Re: Inlining comparators as a performance optimisation

From: "Pierre C" <lists(at)peufeu(dot)com>
To: "Heikki Linnakangas" <heikki(dot)linnakangas(at)enterprisedb(dot)com>, "Tom Lane" <tgl(at)sss(dot)pgh(dot)pa(dot)us>
Cc: "Andrew Dunstan" <andrew(at)dunslane(dot)net>, "Peter Geoghegan" <peter(at)2ndquadrant(dot)com>, "PG Hackers" <pgsql-hackers(at)postgresql(dot)org>
Subject: Re: Inlining comparators as a performance optimisation
Date: 2012-01-13 09:48:56
Message-ID: op.v70n7uhgeorkce@apollo13
Views: Raw Message | Whole Thread | Download mbox | Resend email
Thread:
Lists: pgsql-hackers

On Wed, 21 Sep 2011 18:13:07 +0200, Tom Lane <tgl(at)sss(dot)pgh(dot)pa(dot)us> wrote:

> Heikki Linnakangas <heikki(dot)linnakangas(at)enterprisedb(dot)com> writes:
>> On 21.09.2011 18:46, Tom Lane wrote:
>>> The idea that I was toying with was to allow the regular SQL-callable
>>> comparison function to somehow return a function pointer to the
>>> alternate comparison function,
>
>> You could have a new function with a pg_proc entry, that just returns a
>> function pointer to the qsort-callback.
>
> Yeah, possibly. That would be a much more invasive change, but cleaner
> in some sense. I'm not really prepared to do all the legwork involved
> in that just to get to a performance-testable patch though.

A few years ago I had looked for a way to speed up COPY operations, and it
turned out that COPY TO has a good optimization opportunity. At that time,
for each datum, COPY TO would :

- test for nullness
- call an outfunc through fmgr
- outfunc pallocs() a bytea or text, fills it with data, and returns it
(sometimes it uses an extensible string buffer which may be repalloc()d
several times)
- COPY memcpy()s returned data to a buffer and eventually flushes the
buffer to client socket.

I introduced a special write buffer with an on-flush callback (ie, a close
relative of the existing string-buffer), in this case the callback was
"flush to client socket", and several outfuncs (one per type) which took
that buffer as argument, besides the datum to output, and simply put the
datum inside the buffer, with appropriate transformations (like converting
to bytea or text), and flushed if needed.

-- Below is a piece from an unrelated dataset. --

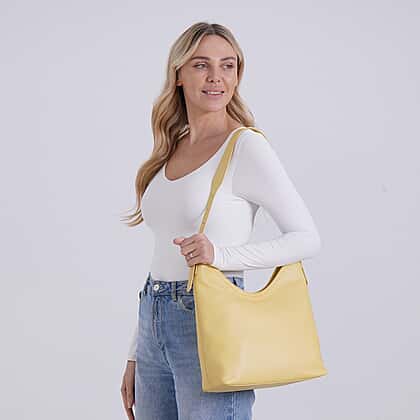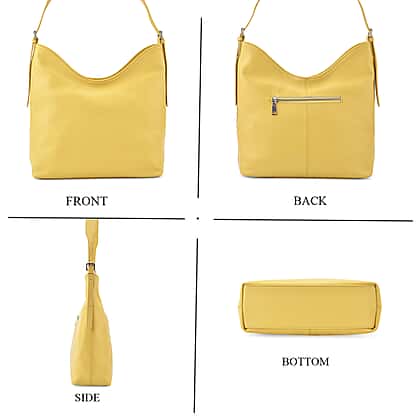 Brighten your look with this yellow genuine leather crossbody bag, a vibrant yet elegant piece made for confident, modern women. The smooth genuine leather exterior features subtle grain detailing, giving it texture and depth. Inside, neatly placed zipped and slip pockets help keep everything in order, while a rear zipped pocket adds easy access. The metallic zip fastening and hardware provide durability and a polished finish. Whether you’re heading to brunch or a weekend getaway, this cheerful yet refined bag is the perfect companion.

Then the COPY TO BINARY of a constant-size datum would turn to :
- one test for nullness
- one C function call
- one test to ensure appropriate space available in buffer (flush if
needed)
- one htonl() and memcpy of constant size, which the compiler turns out
into a couple of simple instructions

I recall measuring speedups of 2x - 8x on COPY BINARY, less for text, but
still large gains.

Although eliminating fmgr call and palloc overhead was an important part
of it, another large part was getting rid of memcpy()'s which the compiler
turned into simple movs for known-size types, a transformation that can be
done only if the buffer write functions are inlined inside the outfuncs.
Compilers love constants...

Additionnally, code size growth was minimal since I moved the old outfuncs
code into the new outfuncs, and replaced the old fmgr-callable outfuncs
with "create buffer with on-full callback=extend_and_repalloc() - pass to
new outfunc(buffer,datum) - return buffer". Which is basically equivalent
to the previous palloc()-based code, maybe with a few extra instructions.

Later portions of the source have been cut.